La causa scatenante di questo briefing furono le accuse dell’ex (pre rivoluzione colorata) Ministro per la Sicurezza di Stato della Georgia – Igor Giorgiadze – che sostenne di essere venuto a sapere, tramite whistleblowers, di documenti del Lugar Center contenenti informazioni su esperimenti top secret – con il coinvolgimento di reclute dell’esercito georgiano – e contenenti inoltre prove dello sviluppo di armi biologiche, inclusi brevetti per i vettori di lancio.

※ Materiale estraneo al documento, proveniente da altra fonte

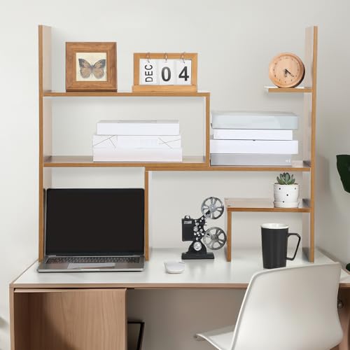 - سهلة التجميع: هل تريد إنشاء سطح مكتب أنيق بسهولة؟ يأتي رف المكتب الخشبي هذا مع براغي، مما يجعله مريحًا لك لتثبيته بنفسك. يوصى باستخدام مثقاب لاسلكي لتركيب أسهل وأكثر كفاءة
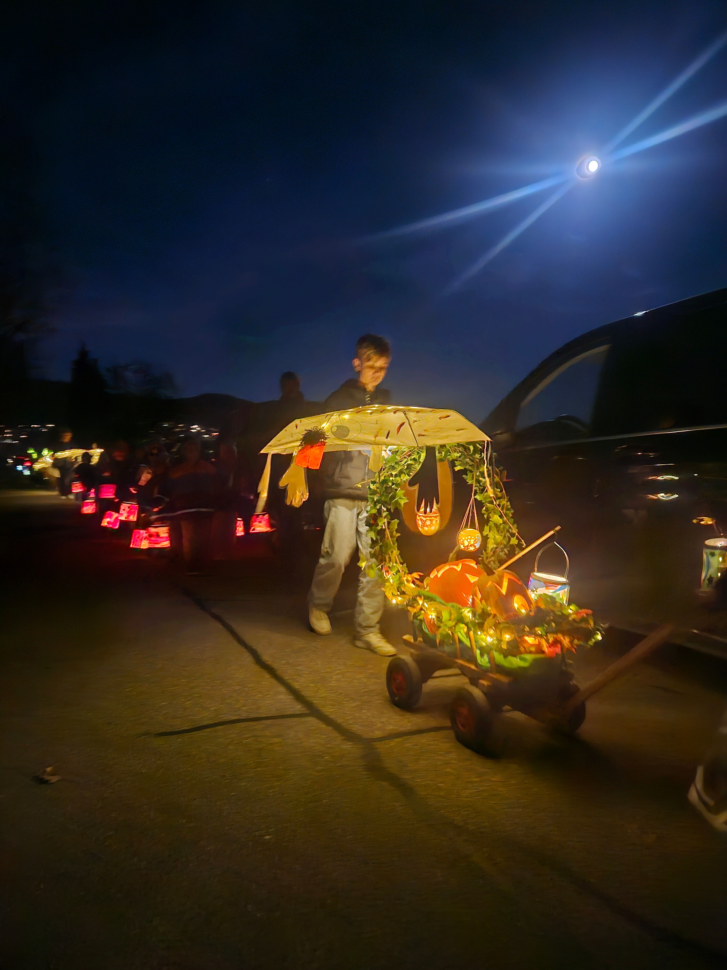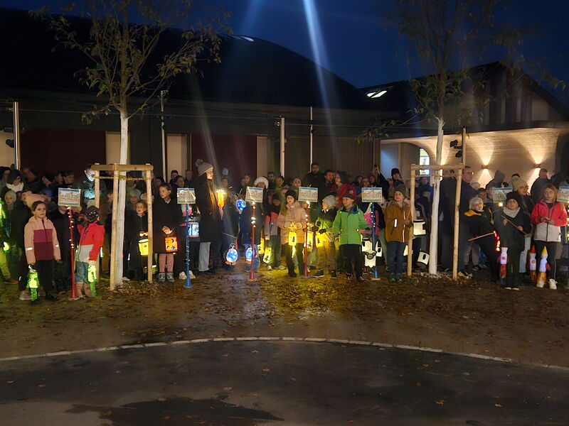 Der Umzug wurde von den Tambouren aus Brugg-Windisch angeführt. Mit ihren leuchtenden Drumsticks sorgten sie für einen besonderen Blickfang und führten unsere Schülerinnen und Schüler, sicher durch die dunkle Nacht. Die Kinder zeigten stolz ihre bunt gestalteten Räbeliechtli, Laternen und liebevoll geschmückten Wagen. Unser neuer Schulbrunnen wurde dekoriert und stimmungsvoll in Szene gesetzt. Die hell leuchtenden Laternen und Räben erhellten die klare Herbstnacht auf wunderbare Weise. Die Kinder waren so begeistert von diesem magischen Moment, dass sie beim Zurückkehren zum Schulhausplatz voller Freude fragten: „Warum ist der Umzug schon vorbei?“ – ein wunderbares Zeichen dafür, wie sehr sie den Abend genossen haben.

Gli americani smentirono con forza, e ad oggi ulteriori prove a sostegno delle dichiarazioni di Giorgiadze non sono mai emerse.

DOPO L’INVASIONE DELL’UCRAINA
La questione rimane poi dormiente fino all’invasione russa dell’Ucraina a fine febbraio 2022.
Il 26 febbraio, la blogger bulgara Dilyana Gaytandzhieva fa notare la scomparsa – dal sito dell’ambasciata americana in Ucraina – dei riferimenti a 11 siti di ricerca biologica nel paese. Riferimenti comunque recuperabili tramite l’archiviazione web, che vengono in seguito reinseriti sul sito dell’ambasciata.
Il 6 marzo, Igor Konashenkov – portavoce delle forze armate russe – dichiara di avere le prove dell’esistenza di un programma militare-biologico in Ucraina finanziato dagli Stati Uniti. L’agenzia russa “Ria Novosti” pubblica dei documenti – provenienti da un laboratorio di Kharkov – che intimano lo smantellamento dello stesso e l’esportazione dei suoi materiali, su ordine del Dipartimento di Stato americano, di modo che non cada in mani russe.
In successivi briefing, Kirillov scende nei dettagli, pubblicando documenti riguardanti lo studio – in questi laboratori – di scenari come il trasporto di virus SARS tramite uccelli migratori in Europa, fornendo nomi di presunti ufficiali americani coinvolti oltre ad una vasta mole di documenti.
Non ci sono commenti ufficiali americani che scendano così nel dettaglio, nel confutare le accuse russe, ma si può dire che le dichiarazioni di Victoria Nuland1 – membro dell’amministrazione presidenziale americana e considerabile una delle figure chiave dell’Euromaidan – davanti al senato, l’8 marzo, non abbiano spento i dubbi che molti – anche negli USA – nutrono sull’esistenza e/o sulla bontà di questi programmi biologici.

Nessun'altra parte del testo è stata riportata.